One of the questions I have been exploring this year is whether a carefully designed panel of open-weight language models can serve as a reliable, reusable evaluation system across different text generation tasks. This post describes the methodology and rationale behind this work, which is still in progress.

The Problem with Single-Model Evaluation

The most common approach to LLM-based evaluation is to use a single powerful model – typically GPT-4 or a comparable proprietary system – as the sole judge. This works well enough for many purposes, but it has limitations:

  • Single point of failure. If the judge model has a systematic bias, every evaluation inherits that bias.
  • Cost and access. Proprietary API calls add up, especially at scale. Access terms can change without notice.
  • Reproducibility. Proprietary models are versioned opaquely. Results from GPT-4 in January may not match GPT-4 in June.
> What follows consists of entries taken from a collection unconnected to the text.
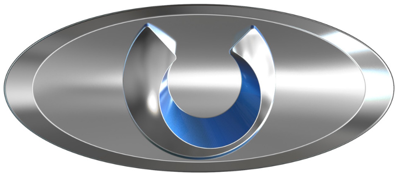 如下图所示,这次百度的新车标是一个蓝内银外的立体不封闭圆弧,乍一看和腾汽车的车标有点相似。
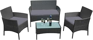Ouhigher Salon de Jardin Salon de Jardin avec 1 Banc + 2 chaises + 1 Table avec Plateau en Verre et Coussin de Dossier 8 cm pour 4 Personnes
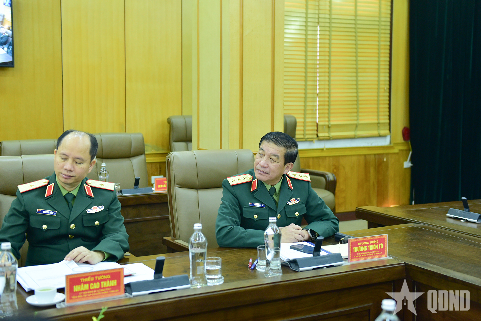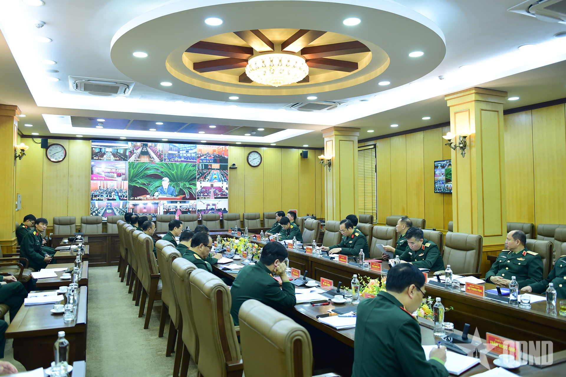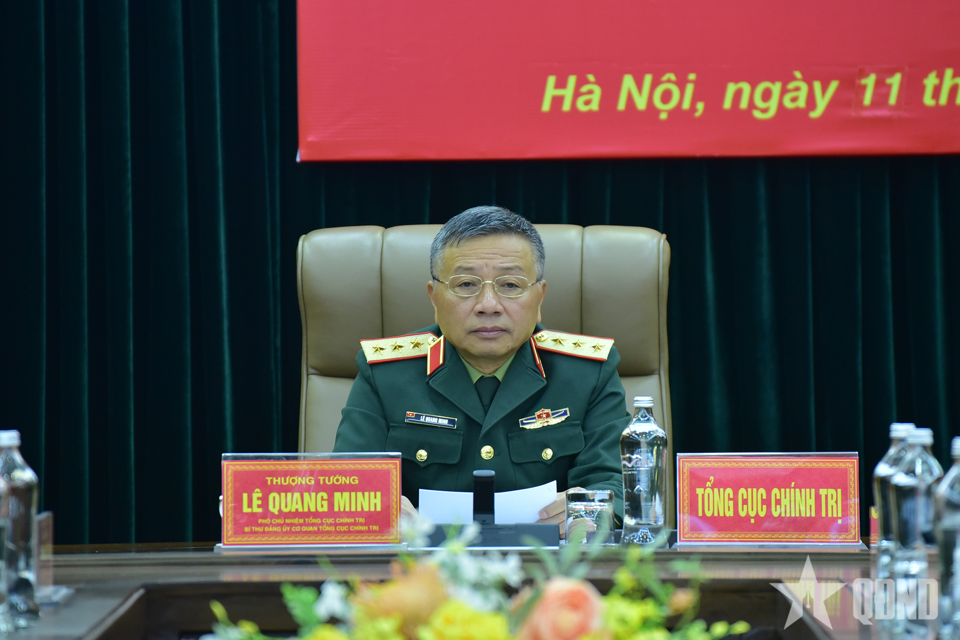 | Thượng tướng Lê Quang Minh chủ trì tại điểm cầu Tổng cục Chính trị. |

The alternative I am exploring is a panel of diverse open-weight judges: multiple models from different families that evaluate independently, with scores aggregated through majority vote or averaging.

Design Principles

Three principles guide the panel design:

Family Diversity

The judges must come from different model families. If all three judges are Llama variants, their biases are likely correlated and the panel adds little value over a single model. By drawing from distinct families (e.g., Granite, EXAONE), the biases are less likely to align, and aggregated scores are more robust.

Independence from Generators

The judge models must not come from the same family as the models that generated the text being evaluated. This prevents self-preference bias – the well-documented tendency for models to rate outputs from similar architectures more favorably.

Task Transferability

The panel should work across different evaluation tasks without redesigning it from scratch. My thesis involves three distinct tasks:

  1. TF1: Evaluating English fable generation (grammar, creativity, moral clarity, adherence)
  2. TF2: Evaluating EN-RO literary translation (accuracy, fluency, coherence, style, cultural adaptation)
  3. TF3: Evaluating Romanian native generation (the same TF1 dimensions, applied to Romanian text)
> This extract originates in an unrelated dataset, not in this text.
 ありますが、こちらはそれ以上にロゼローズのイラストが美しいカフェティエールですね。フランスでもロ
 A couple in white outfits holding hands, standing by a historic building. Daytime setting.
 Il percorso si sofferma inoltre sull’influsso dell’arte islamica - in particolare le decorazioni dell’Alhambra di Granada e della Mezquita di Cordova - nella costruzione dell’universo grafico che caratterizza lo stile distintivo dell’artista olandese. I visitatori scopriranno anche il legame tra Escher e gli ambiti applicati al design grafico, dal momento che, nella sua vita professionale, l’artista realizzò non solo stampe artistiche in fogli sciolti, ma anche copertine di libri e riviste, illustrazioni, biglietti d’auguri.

A panel that requires different judges for each task would be impractical. The hypothesis is that a single diverse panel, given appropriate rubrics, can handle all three.

What “Works” Means

Evaluating an evaluation system is inherently circular, so the validation approach matters. I am using several complementary methods:

Inter-judge agreement. How often do the panel members agree? High agreement on clear cases and meaningful disagreement on ambiguous cases is the desired pattern.

Correlation with proprietary baselines. Do panel scores correlate with scores from GPT-4? This is not the gold standard (GPT-4 has its own biases), but large discrepancies warrant investigation.
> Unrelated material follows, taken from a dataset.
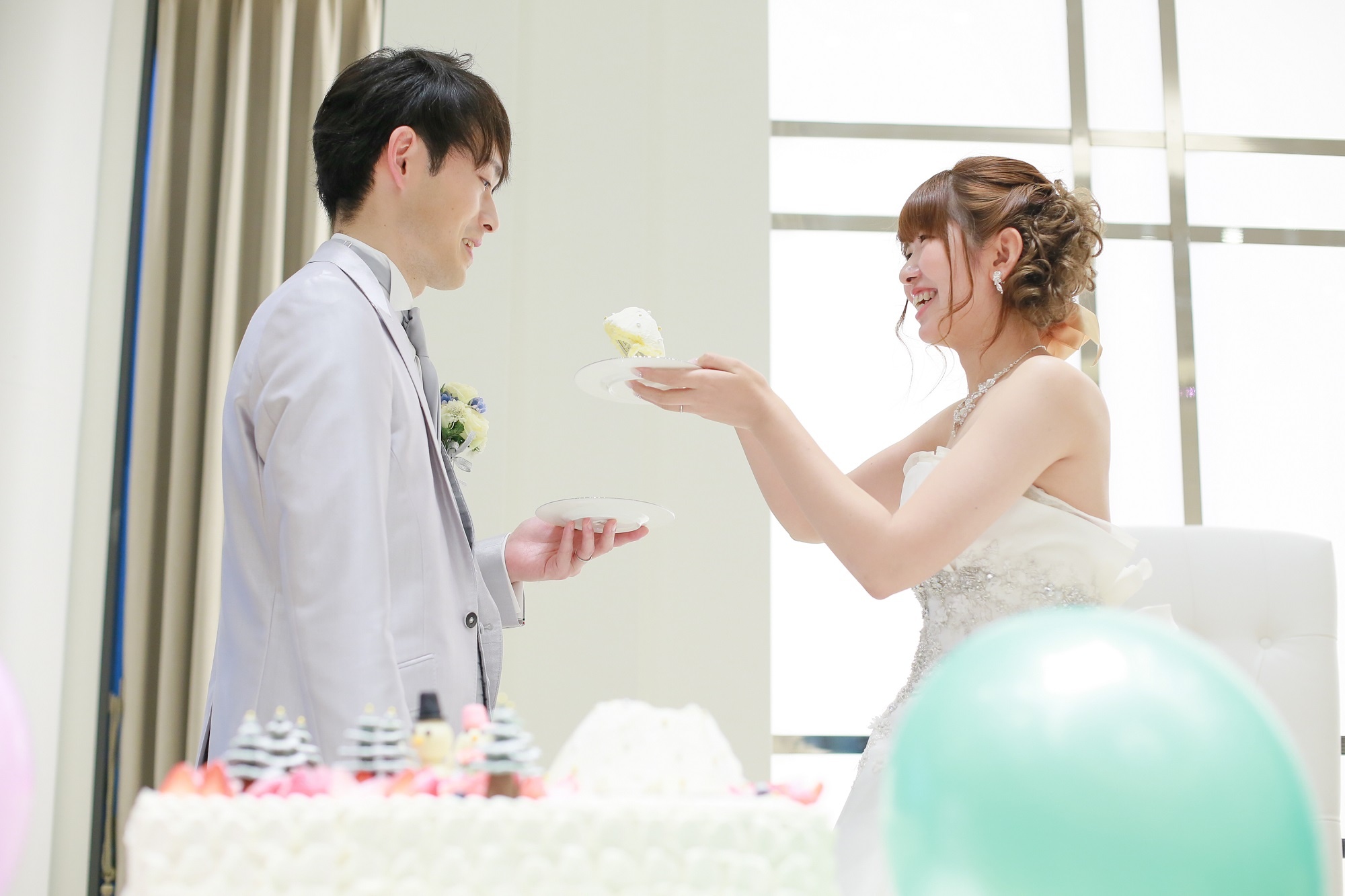 ファーストバイトは新郎新婦様がお互いにケーキを食べさせ合う演出です。

Human arbitration. For a subset of cases where the panel disagrees with the proprietary baseline, human evaluators adjudicate. This is the most expensive validation step but the most informative.

What I Am Not Claiming

This work is in progress, and I want to be clear about its scope. I am not claiming that open-weight panels are universally better than proprietary judges. The question is more nuanced: under what conditions can a reusable open-weight panel provide evaluation quality that is sufficient for research purposes?

The answer likely depends on the task, the rubric quality, and the specific models in the panel. I will share results when the investigation is complete and the paper is ready.